Aconiti lateralis Radix Praeparata inhibits Alzheimer’s disease by regulating the complex regulation network with the core of GRIN1 and MAPK1

Current medicine for Alzheimer’s disease (AD) cannot effectively reverse or block nerve injury. Traditional Chinese Medicine practice and research imply Aconiti lateralis Radix Praeparata (Fuzi) may meet this goal.

Analysing the anti-AD effect of Fuzi and its potential molecular mechanism.

AD model cells were treated with Fuzi in 0-300 mg/mL for 24 h in 37 °C. The cell viability (CV) and length of cell projections (LCP) for each group were observed, analysed, and standardised using control as a baseline (CV_s and LCP_s). The Fuzi and AD relevant genes were identified basing on databases, and the molecular mechanism of Fuzi anti-AD was predicted by network analysis.

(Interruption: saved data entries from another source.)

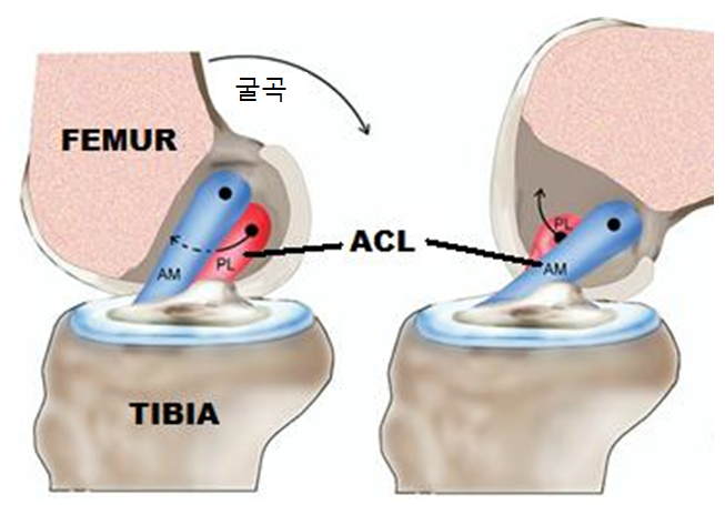 전방십자인대는 대퇴골의 외측과 (lateral condyle)의 내측면과 경골극 (tibial spine)의 전외측 사이를 연결하는 인대입니다. 크게 전내측 다발과 후외측 다발로 나눌 수 있으며, 무릎 굴곡시 후외측 다발이 느슨해지면서 전내측 다발 (AM) 은 단단해지고, 신전시 후외측 다발 (PL) 이 단단해지면서 전내측 다발은 이완됩니다.
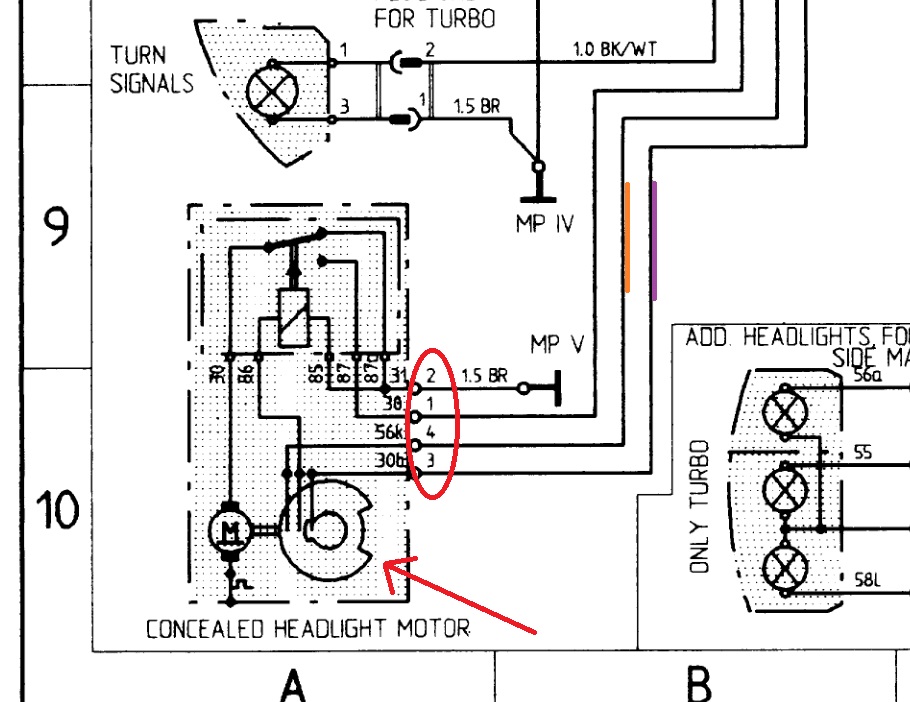 Allora sullo schema ho cerchiato i contatti in ingresso nel gruppo motore dei fari, partendo dall'alto il n°2 è la massa, il n°1 è il positivo (+12v) il 4 e il 3 sono i due segnali di controllo che arrivano dalla manopola in parte al volante. Sul motore c'è un disco con la forma di quello indicato dalla freccia nello schema, questo disco è solidale all'albero del motore e quindi quando il motore gira anche il disco lo fa. Come vedi sul disco arrivano tre spazzole, quella al centro è sempre a contatto con il disco ed è quella che se alimentata eccita il relay, le altre due vengono alimentate dalla manopola in parte al volante, esse sono negate l'una rispetto all'altra ovvero quando una è a livello alto (12v) l'altra non viene alimentata, quando la spazzola non fa più contatto (per via della forma del disco) il motore si ferma. Questo è il principio di funzionamento. Per verificare il motore basta scollegare il connettore e alimentarlo manualmente, i colori dei cavi sono: marrone -> massa, rosso/blu -> +12v, giallo/blu -> controllo, rosso/verde -> controllo. Se non è il motore il problema può essere la manopola alla sinistra del volante, anche qui sarebbe da aprire e verificare che sia tutto in ordine (contatti puliti e senza qualche elemento esterno che provochi dei cortocircuiti) (Messaggio modificato da maniron il 10 settembre 2015) Un buon maestro non si dimentica di essere anche un buon allievo.
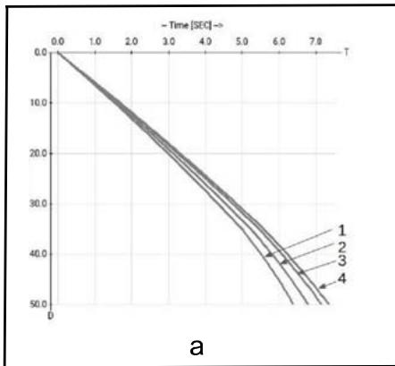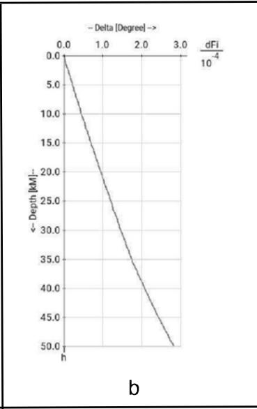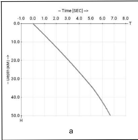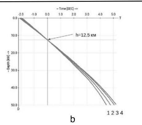 Fig. 2 present the dependence from depth of the origin time on a characteristic $t_m^0 (r_m,h)$. Fig. 2.a are presented graphs for four epicentral distances. The epicentral distances are: line $1 - r_{m} = 25^{\circ}$, line $2 - r_{m} = 50^{\circ}$, line $3 - r_{m} = 75^{\circ}$, line $4 - r_{m} = 100^{\circ}$.
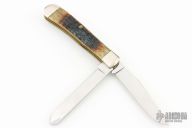 This Trapper by Case features 2 polished blades with nail nicks. The handle has nickel silver bolsters, jigged bone covers, with a Case shield, brass liners and stainless springs. Excellent condition.

Experiment results showed that Fuzi in 0.4 mg/mL boosted LCP (LCP_s = 1.2533, p ≤ 0.05), and in 1.6–100 mg/mL increased CV (CV_s from 1.1673 to 1.3321, p ≤ 0.05). Bioinformatics analysis found 17 Fuzi target genes (relevant scores ≥ 20), showing strong AD relevant signals (RMS_p ≤ 0.05, related scores ≥ 5), enriched in the pathways regulating axon growth, synaptic plasticity, cell survival, proliferation, apoptosis, and death (p ≤ 0.05). Especially, GRIN1 and MAPK1 interacted with APP protein and located in the key point of the “Alzheimer’s disease” pathway.

These results suggest that Fuzi may have therapeutic and prevention potential in AD, and GRIN1 and MAPK1 may be the core of the pathways of the Fuzi anti-AD process. Fuzi should be studied more extensively, especially for the prevention of AD.